■ Data excerpts

»»

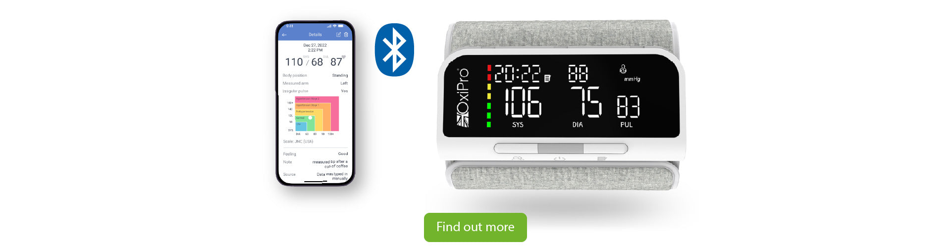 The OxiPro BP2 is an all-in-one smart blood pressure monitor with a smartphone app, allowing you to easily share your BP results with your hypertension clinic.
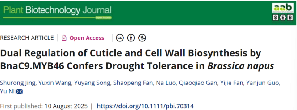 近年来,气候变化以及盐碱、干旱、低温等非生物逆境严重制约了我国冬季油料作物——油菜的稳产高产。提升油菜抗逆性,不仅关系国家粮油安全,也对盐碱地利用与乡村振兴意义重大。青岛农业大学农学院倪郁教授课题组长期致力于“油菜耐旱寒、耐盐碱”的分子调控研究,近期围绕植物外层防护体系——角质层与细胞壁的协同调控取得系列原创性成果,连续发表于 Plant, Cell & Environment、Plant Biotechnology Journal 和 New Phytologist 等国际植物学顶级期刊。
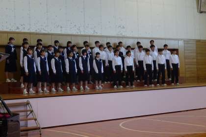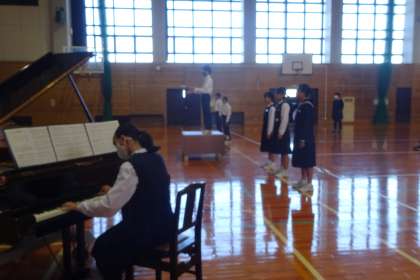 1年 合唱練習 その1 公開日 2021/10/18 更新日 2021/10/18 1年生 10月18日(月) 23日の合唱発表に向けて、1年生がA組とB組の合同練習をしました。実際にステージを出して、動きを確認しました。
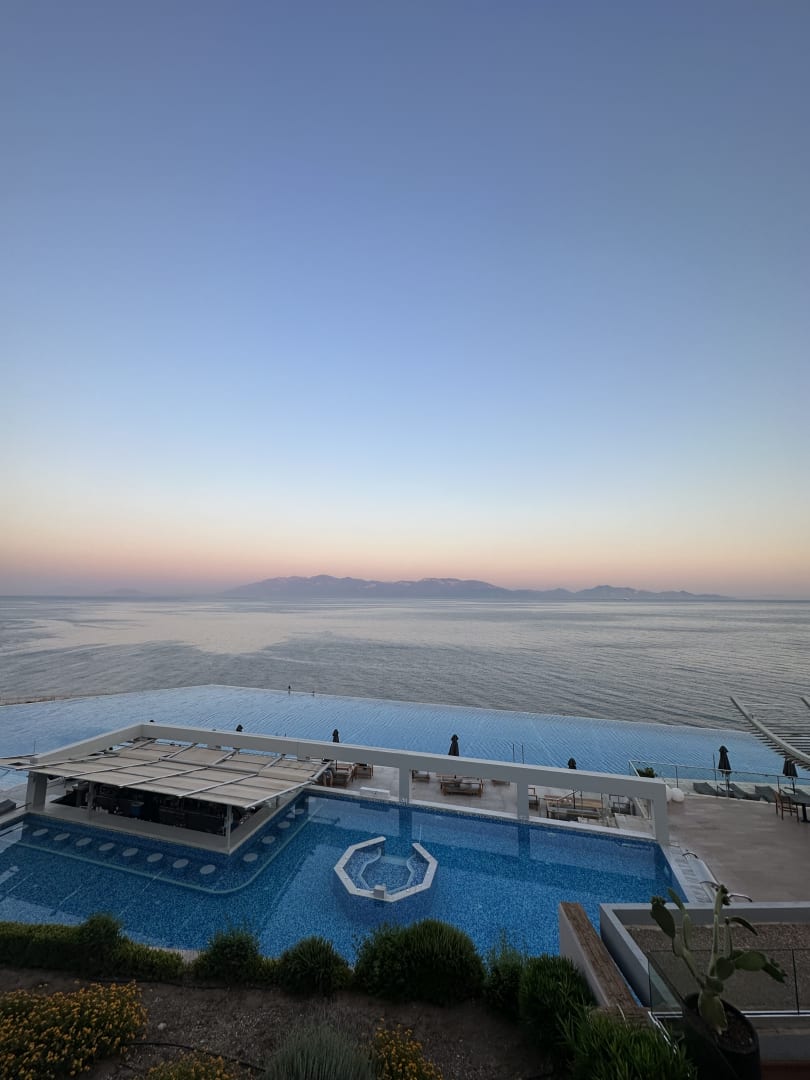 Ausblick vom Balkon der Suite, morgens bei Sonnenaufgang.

««
»»

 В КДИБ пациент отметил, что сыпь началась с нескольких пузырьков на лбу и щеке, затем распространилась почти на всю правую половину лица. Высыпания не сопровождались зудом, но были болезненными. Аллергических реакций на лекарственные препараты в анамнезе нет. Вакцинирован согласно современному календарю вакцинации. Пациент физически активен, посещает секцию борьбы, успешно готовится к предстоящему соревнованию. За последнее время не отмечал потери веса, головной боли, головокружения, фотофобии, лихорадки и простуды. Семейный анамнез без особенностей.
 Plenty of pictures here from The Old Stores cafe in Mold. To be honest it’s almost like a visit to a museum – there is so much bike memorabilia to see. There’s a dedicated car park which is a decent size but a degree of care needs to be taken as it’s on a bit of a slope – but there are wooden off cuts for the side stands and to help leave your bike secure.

««

■ Instructions to follow
Retype only this portion of the data above: the line containing "В КДИБ пациент", the line containing "Plenty of pictures", and all lines between them, exactly.

■ Expected answer
 В КДИБ пациент отметил, что сыпь началась с нескольких пузырьков на лбу и щеке, затем распространилась почти на всю правую половину лица. Высыпания не сопровождались зудом, но были болезненными. Аллергических реакций на лекарственные препараты в анамнезе нет. Вакцинирован согласно современному календарю вакцинации. Пациент физически активен, посещает секцию борьбы, успешно готовится к предстоящему соревнованию. За последнее время не отмечал потери веса, головной боли, головокружения, фотофобии, лихорадки и простуды. Семейный анамнез без особенностей.
 Plenty of pictures here from The Old Stores cafe in Mold. To be honest it’s almost like a visit to a museum – there is so much bike memorabilia to see. There’s a dedicated car park which is a decent size but a degree of care needs to be taken as it’s on a bit of a slope – but there are wooden off cuts for the side stands and to help leave your bike secure.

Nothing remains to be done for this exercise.